Large n, but all friendships connect into a single connected component, and no one shares a language.	Return 1; teaching everyone the same language will solve the problem; connected components can be found using DFS/BFS/Union-Find.
Friendships form multiple disconnected components; languages may or may not overlap within or between components.	Calculate the minimum number of people to teach within each component and sum the results; use DFS/BFS/Union-Find to find components.
All people already speak a common language, but friendships still exist.	Return 0, as all friendships are already satisfied.

n = 0, empty languages, empty friendships

How to Handle:

Return 0, as there are no people or friendships to satisfy.

n = 1, languages contains one language, friendships empty

How to Handle:

Return 0, as there's only one person and no friendships to satisfy.

n = 2, friendship exists, but languages are empty for both

How to Handle:

Return 2, as both need to be taught a language to communicate.

n = 2, friendship exists, one person knows a language, other knows none

How to Handle:

Return 1, the person who knows no language needs to be taught.

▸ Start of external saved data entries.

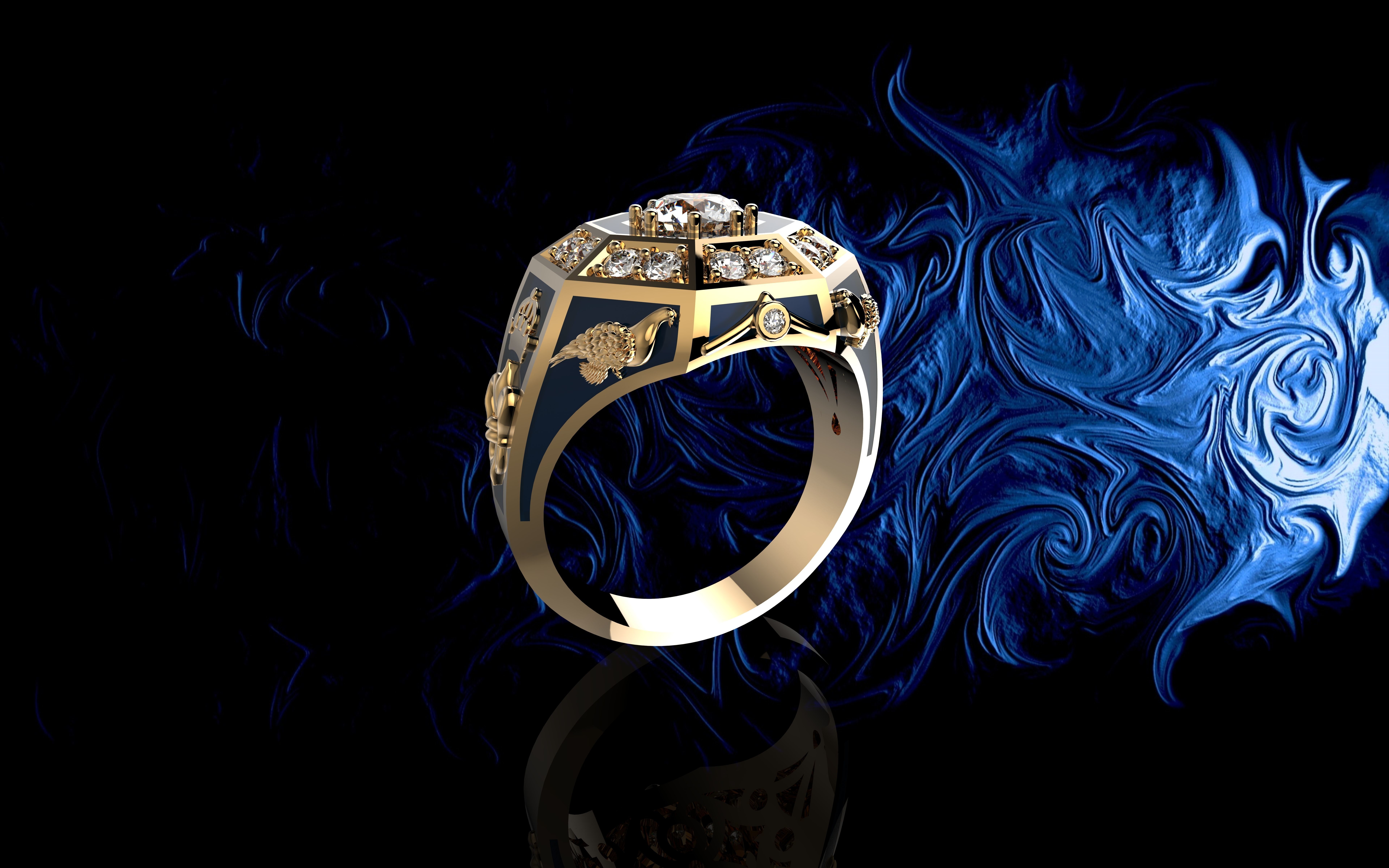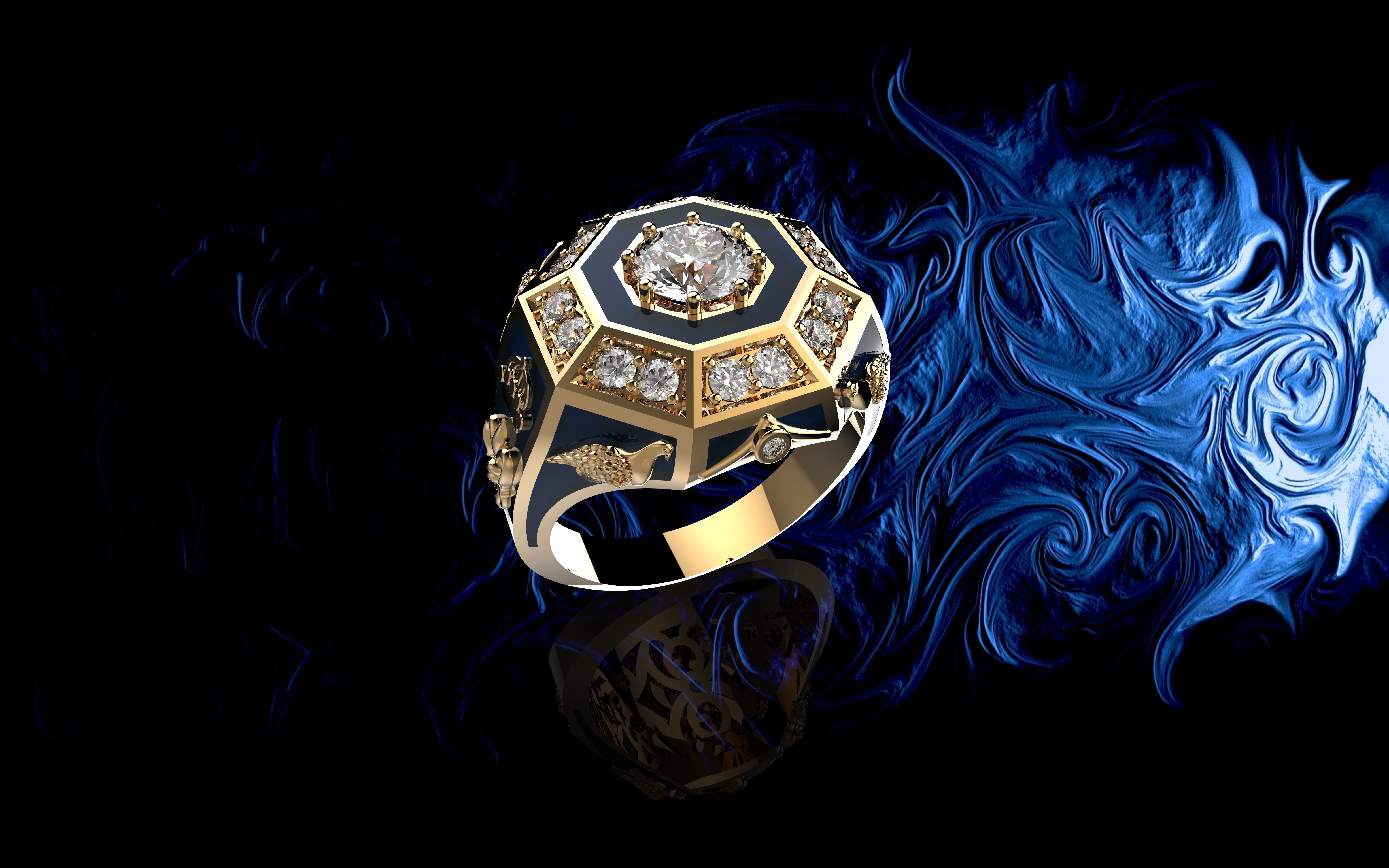 Мужские золотые кольца с бриллиантами 3D модель
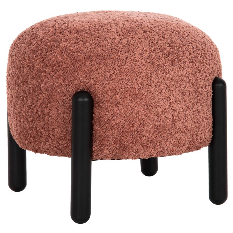 The EWAN stool is a modern and stylish proposal that will leave its mark in any living room. Its round shape combined with the warm boucle fabric in PINK color and the black metal legs, make up a beautiful and practical piece of furniture, which can be combined with a variety of other colors in the living room decoration.
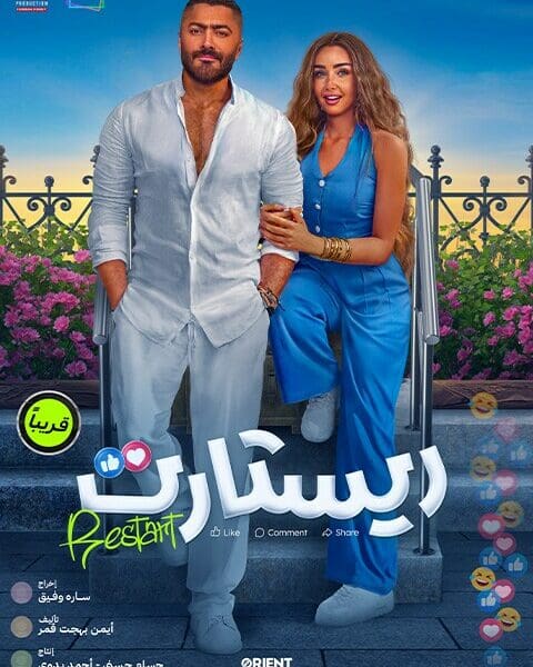 الفيلم من بطولة تامر حسني وهنا الزاهد، ويشاركهما فيه باسم سمرة وعدد كبير من النجوم، ويجمع بين الكوميديا والدراما الاجتماعية بطابع مميز. وشارك الفنان باسم سمرة متابعيه عبر حسابه الرسمي على إنستغرام بمقطع فيديو من أحد مشاهد الفيلم، معلقًا: “كنت بتقول إيه يا بودي.. فيلم ريستارت يُعرض 25 يوليو على يانغو بلاي”.
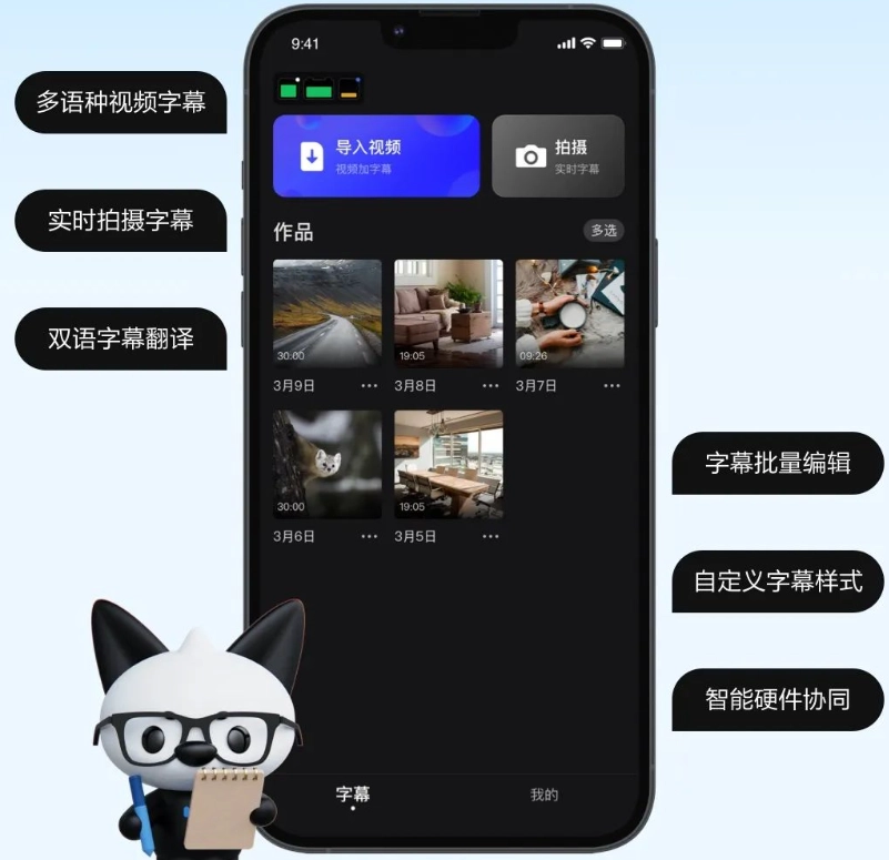 讯飞听见字幕是一款支持手机字幕批量编辑和识别的视频生成和转写软件,可以利用讯飞听见字幕来导出视频或者翻译、去掉文字等,可以一键导入,中英日韩及繁体字幕可以快速生成,生成后也支持一键保持到手机相册或者分享给亲朋好友。
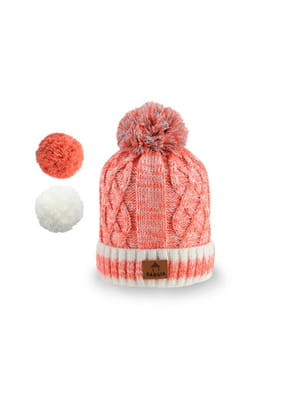 Bonnet blanc et corail en laine avec pompons interchangeables de Cabaïa
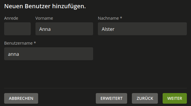 2. Geben Sie Werte für die Pflichtfelder Nachname und Benutzername an. Füllen Sie die optionalen Felder nach Belieben aus, wie in Abb. 5.1 gezeigt. Klicken Sie Weiter.
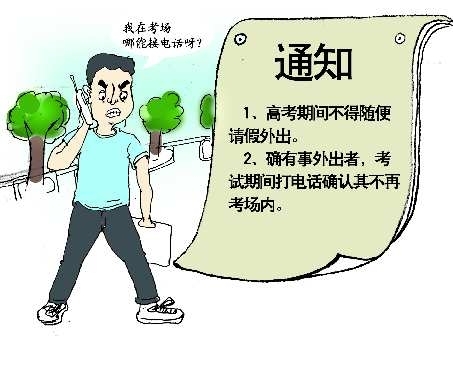 学校怎样对在校学生进行严格管理呢?郑浩栋说,主要通过点名的方式,每天早晚各一次。对确实有事外出的,老师会在高考每场考试期间和学生联络,比如6月7日语文考试(9:00-11:30)期间,老师会给离校学生打电话,确保这名学生在此期间保持通话畅通,并能听到对方的声音,以保证离校生没有在考场内。如电话打不通,则要上报学校。
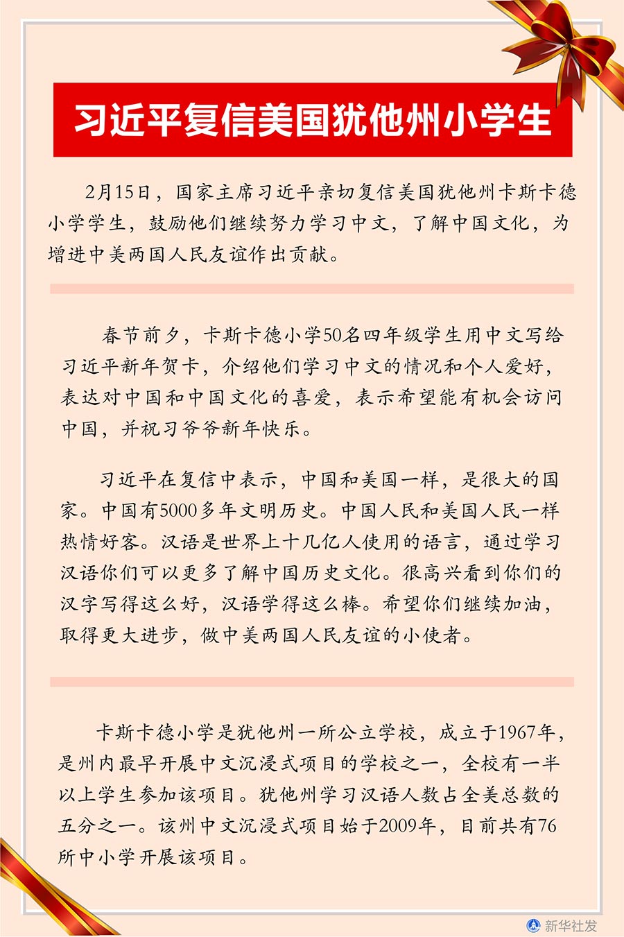 新華社北京2月22日電? 2月15日,國(guó)家主席習(xí)近平親切復(fù)信美國(guó)猶他州卡斯卡德小學(xué)學(xué)生,鼓勵(lì)他們繼續(xù)努力學(xué)習(xí)中文,了解中國(guó)文化,為增進(jìn)中美兩國(guó)人民友誼作出貢獻(xiàn)。
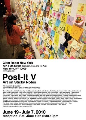 Tonight the first East Coast incarnation of the Post-it show (previously San Francisco and L.A.) opens at Giant Robot NY from 6:30-10. I have several pieces in it (see below). Twenty bucks each. Cash and carry.
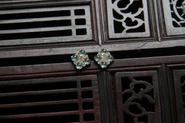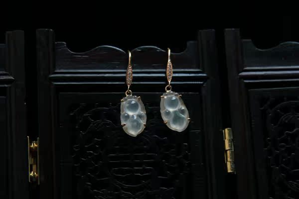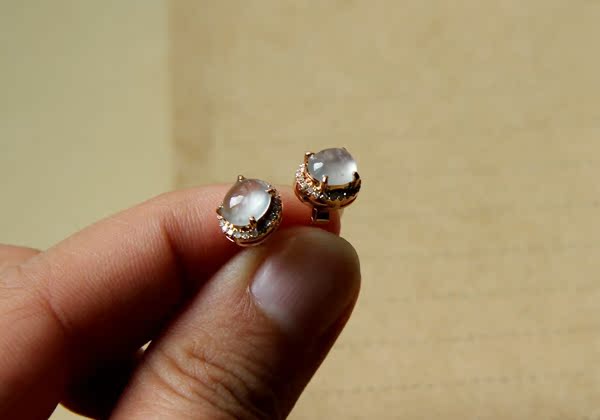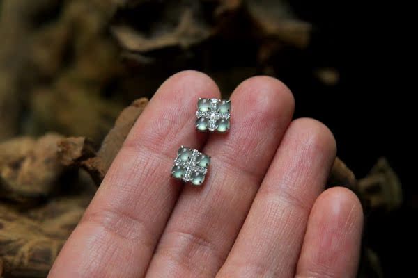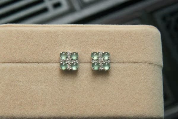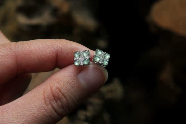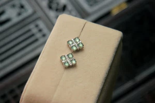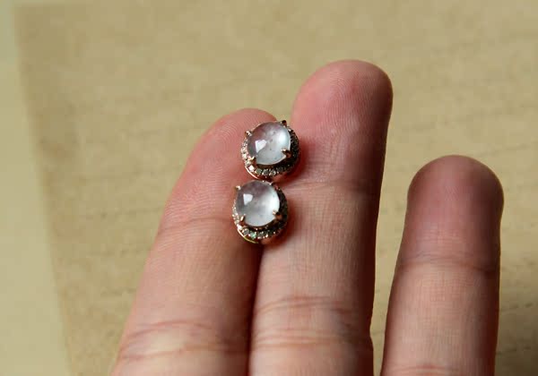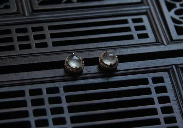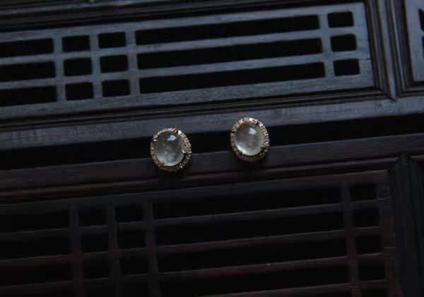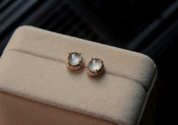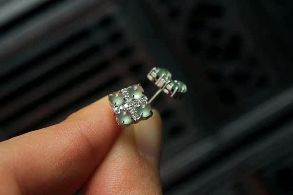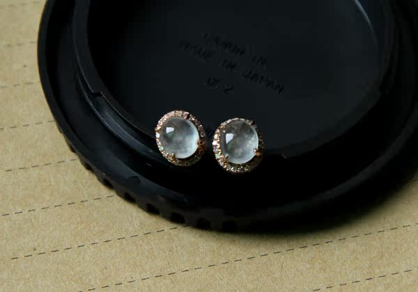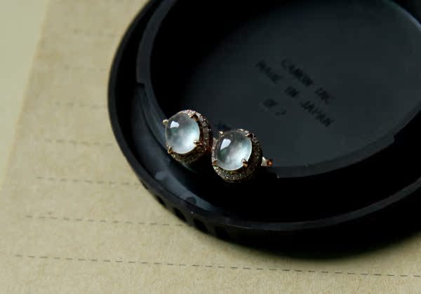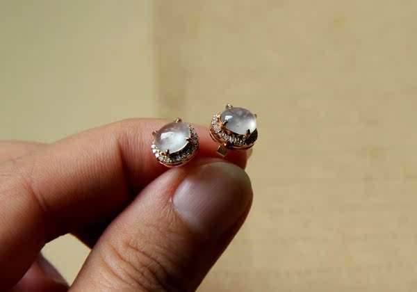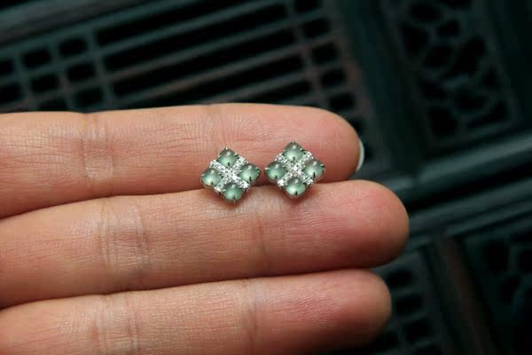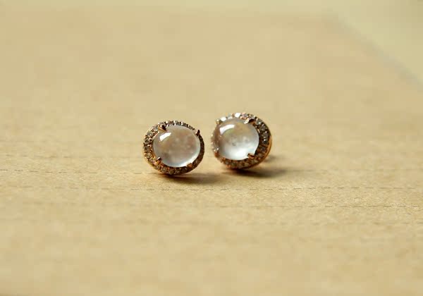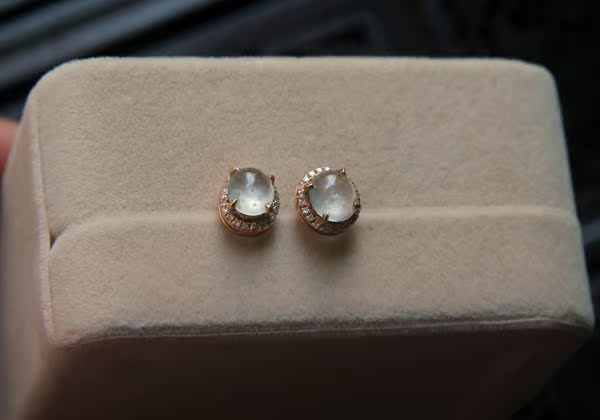 18K白金钻石玻璃种晴水翡翠耳钉 2300元

n = 2, friendship exists, both know completely disjoint languages

How to Handle:

Return 1; teach either person a language the other knows, or teach a common language.

Large n, but all friendships connect into a single connected component, and no one shares a language.

How to Handle:

Return 1; teaching everyone the same language will solve the problem; connected components can be found using DFS/BFS/Union-Find.

Friendships form multiple disconnected components; languages may or may not overlap within or between components.

How to Handle:

Calculate the minimum number of people to teach within each component and sum the results; use DFS/BFS/Union-Find to find components.

All people already speak a common language, but friendships still exist.

How to Handle:

Return 0, as all friendships are already satisfied.